------ Provided material

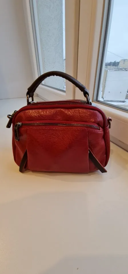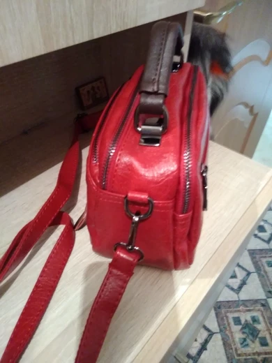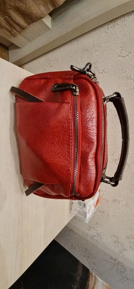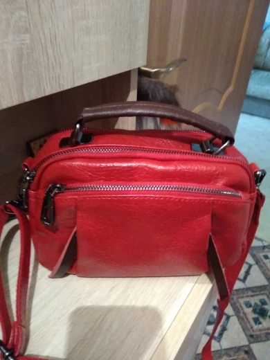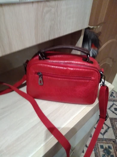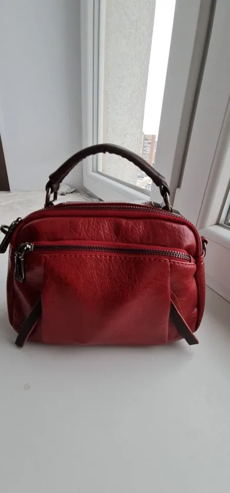 сумка супер, маленькая, и очень вместительная, очень довольна.Есть одно но, почему то ручка на сумке другого цвета. Сумка красная а ручка коричневая.......
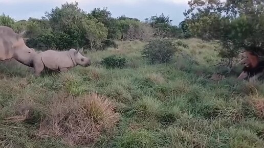 Игривый детеныш носорога решил поиграть со львом – необычное видео
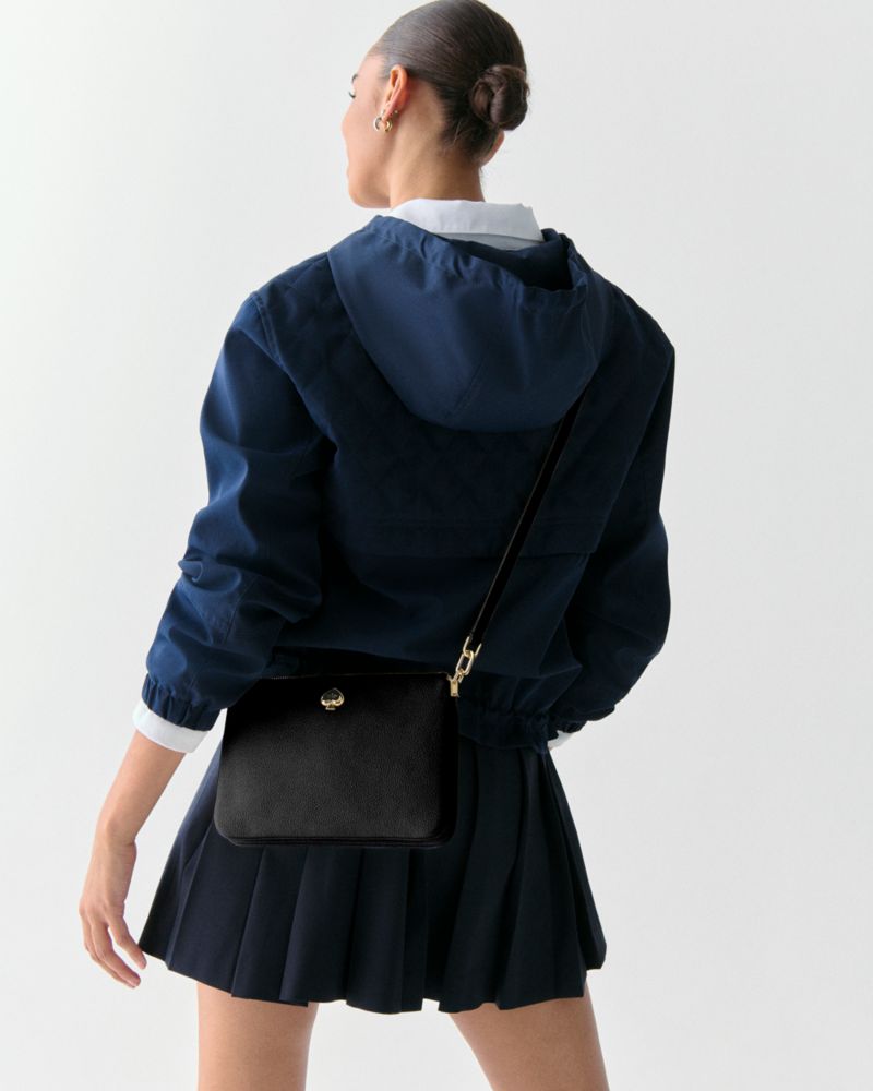 Und Du Hast Die Hände Frei, Sei Es Zum Texten Oder Zum Eiscreme Halten Kate Spade Kayla Kleine Umhängetasche Mit Dreiteiligem Fach Für Frauen In Schwarz Leder
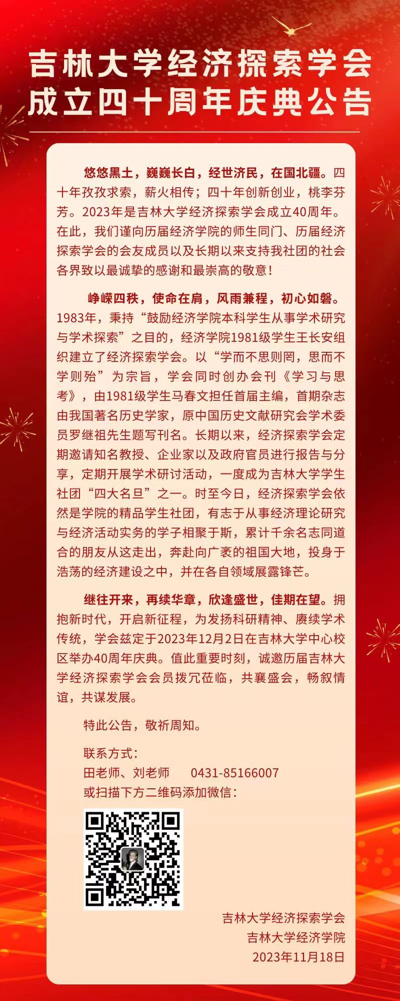 bg大游集团官网经济探索学会成立四十周年庆典公告
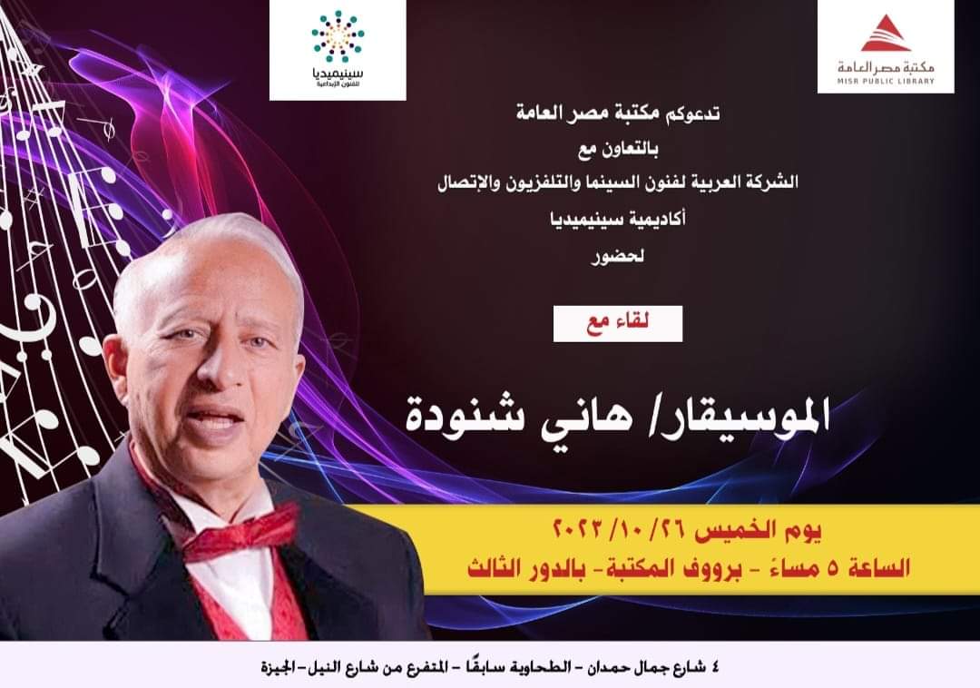 وكانت مكتبة مصر العامة دعت قبل ذلك بالتعاون مع الشركة العربية لفنون السينما والتلفزيون والإتصال "أكاديمية سينيميديا" لحضور لقاء الموسيقار هاني شنودة وذلك يوم الخميس.
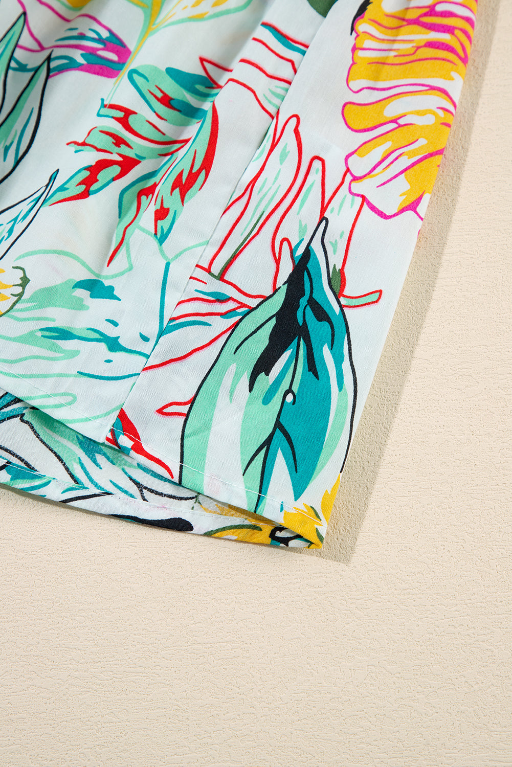 White Tropical Floral Print Ruffled Short Sleeve Blouse
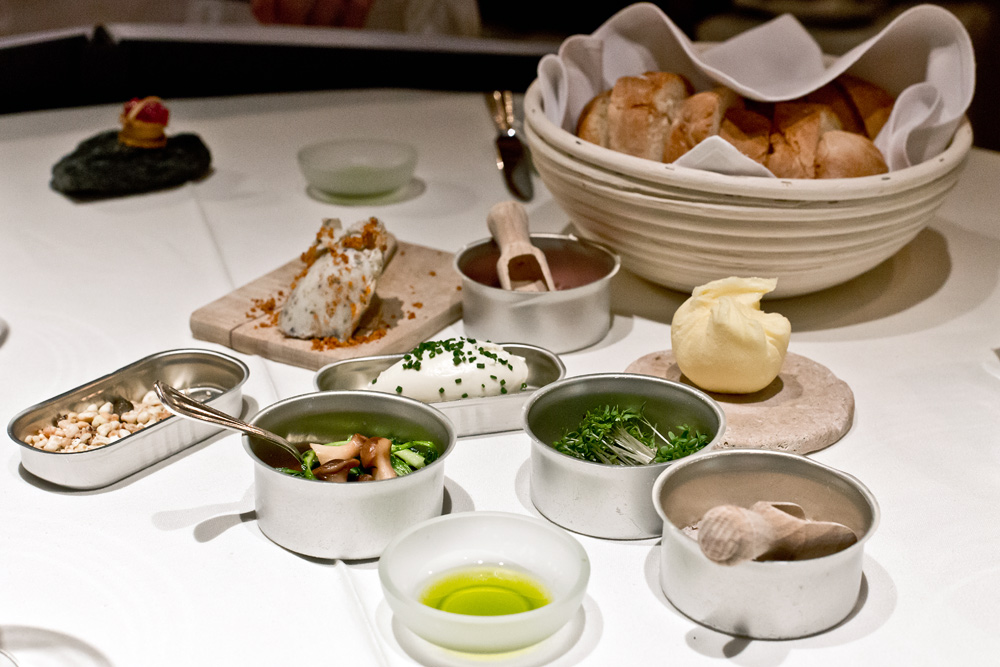 Auf das hausgebackene Brot ist man hier besonders stolz. Entsprechend spendiert man dem Gebäck auch eine würdige Kulisse. Neun verschiedene Toppings werden zum Gebäck gereicht. Dies reicht von Buttercrème mit Schnittlauch, über verschiedene Salze und Schweineschmalz bis zu einem mediterranen Aufstrich mit Kräuterseitlingen, Winterbroccoli und einer Tomaten-Ingwer-Knoblauch-Crème. Das schmeckt alles so wundervoll, dass wir uns sehr stark in Zurückhaltung üben müssen – wissen wir doch, dass uns gleich ein umfangreiches Menü erwartet. An vielen anderen Abenden wären wir schon alleine mit diesem Brot-Gang überglücklich.
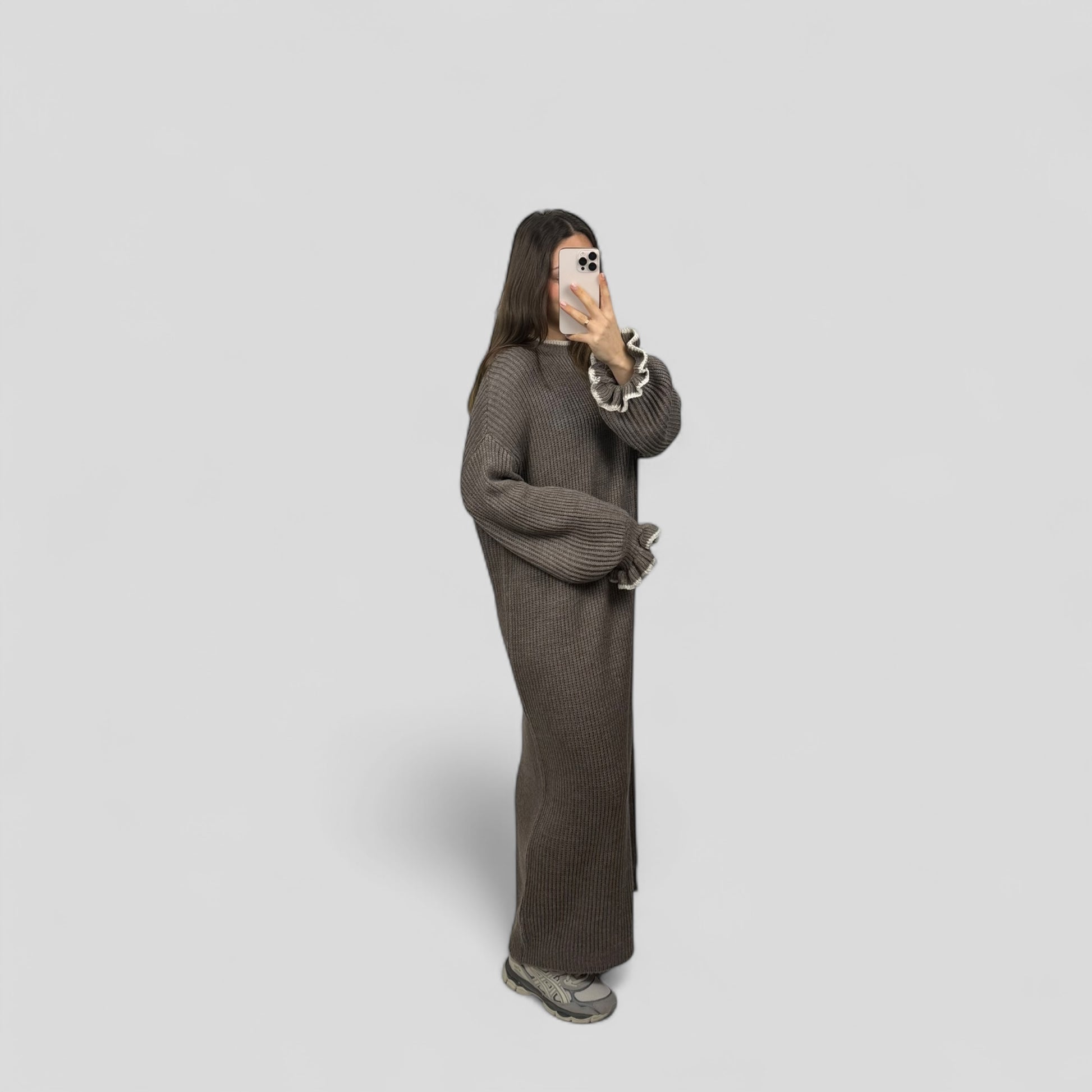 Deze lange gebreide jurk combineert comfort met een stijlvolle uitstraling. De rechte, losse pasvorm valt soepel langs het lichaam en zorgt voor bewegingsvrijheid, terwijl de hoge hals en lange mouwen warmte en elegantie bieden. De subtiele ribstructuur en de speelse volantdetails aan de mouwboorden geven de jurk een unieke en verfijnde look. Ideaal voor cosy dagen thuis of een chique winterse outfit.
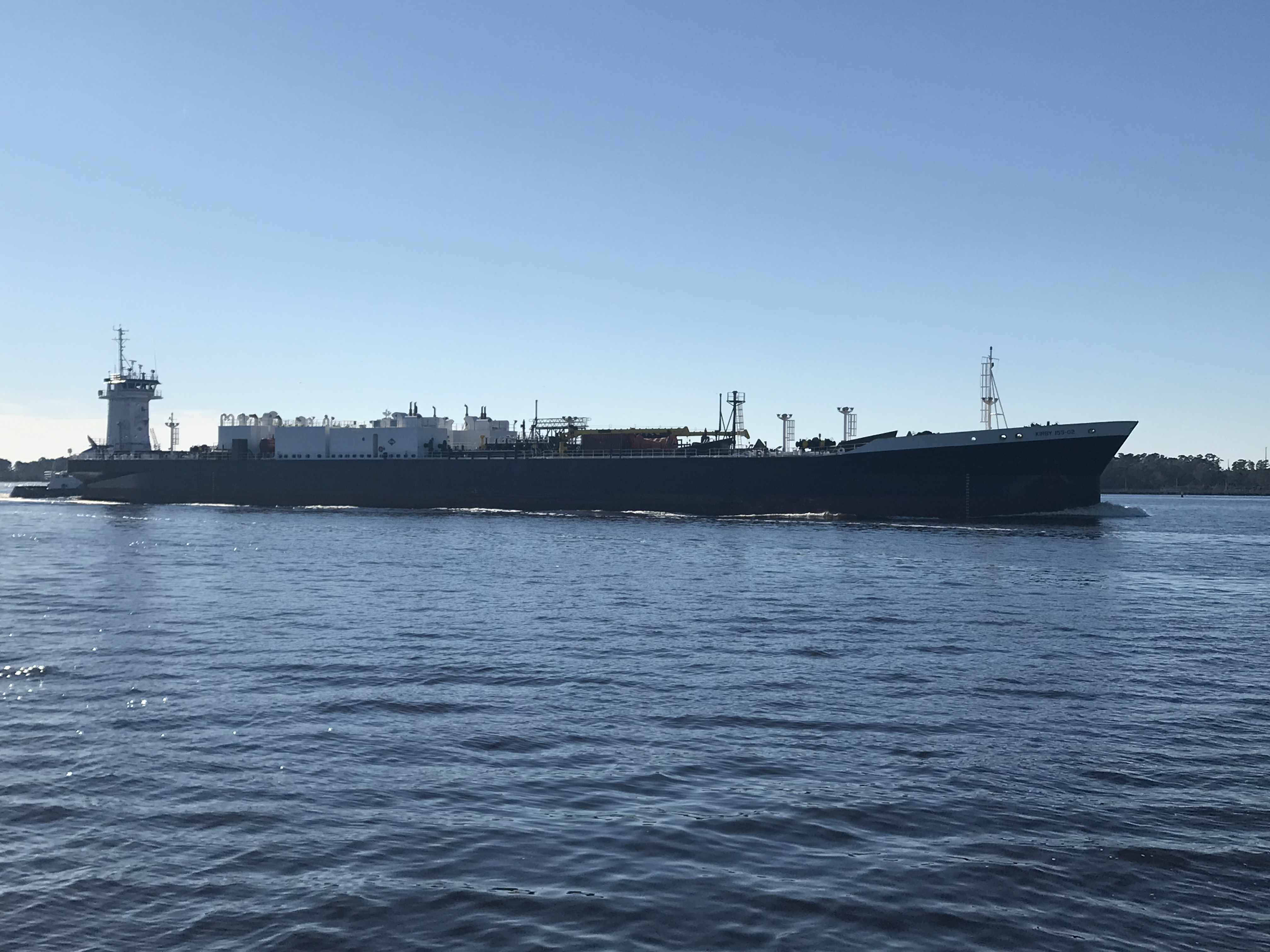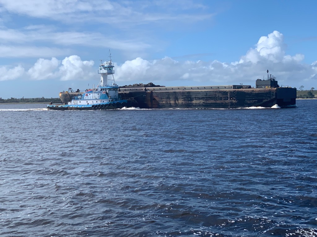 I pass a tug with a large barge on a hip tow.

------------

Although the records contain pictures, transcribe only their text, exactly as written.

▸ **Response**
 сумка супер, маленькая, и очень вместительная, очень довольна.Есть одно но, почему то ручка на сумке другого цвета. Сумка красная а ручка коричневая.......
 Игривый детеныш носорога решил поиграть со львом – необычное видео
 Und Du Hast Die Hände Frei, Sei Es Zum Texten Oder Zum Eiscreme Halten Kate Spade Kayla Kleine Umhängetasche Mit Dreiteiligem Fach Für Frauen In Schwarz Leder
 bg大游集团官网经济探索学会成立四十周年庆典公告
 وكانت مكتبة مصر العامة دعت قبل ذلك بالتعاون مع الشركة العربية لفنون السينما والتلفزيون والإتصال "أكاديمية سينيميديا" لحضور لقاء الموسيقار هاني شنودة وذلك يوم الخميس.
 White Tropical Floral Print Ruffled Short Sleeve Blouse
 Auf das hausgebackene Brot ist man hier besonders stolz. Entsprechend spendiert man dem Gebäck auch eine würdige Kulisse. Neun verschiedene Toppings werden zum Gebäck gereicht. Dies reicht von Buttercrème mit Schnittlauch, über verschiedene Salze und Schweineschmalz bis zu einem mediterranen Aufstrich mit Kräuterseitlingen, Winterbroccoli und einer Tomaten-Ingwer-Knoblauch-Crème. Das schmeckt alles so wundervoll, dass wir uns sehr stark in Zurückhaltung üben müssen – wissen wir doch, dass uns gleich ein umfangreiches Menü erwartet. An vielen anderen Abenden wären wir schon alleine mit diesem Brot-Gang überglücklich.
 Deze lange gebreide jurk combineert comfort met een stijlvolle uitstraling. De rechte, losse pasvorm valt soepel langs het lichaam en zorgt voor bewegingsvrijheid, terwijl de hoge hals en lange mouwen warmte en elegantie bieden. De subtiele ribstructuur en de speelse volantdetails aan de mouwboorden geven de jurk een unieke en verfijnde look. Ideaal voor cosy dagen thuis of een chique winterse outfit.
 I pass a tug with a large barge on a hip tow.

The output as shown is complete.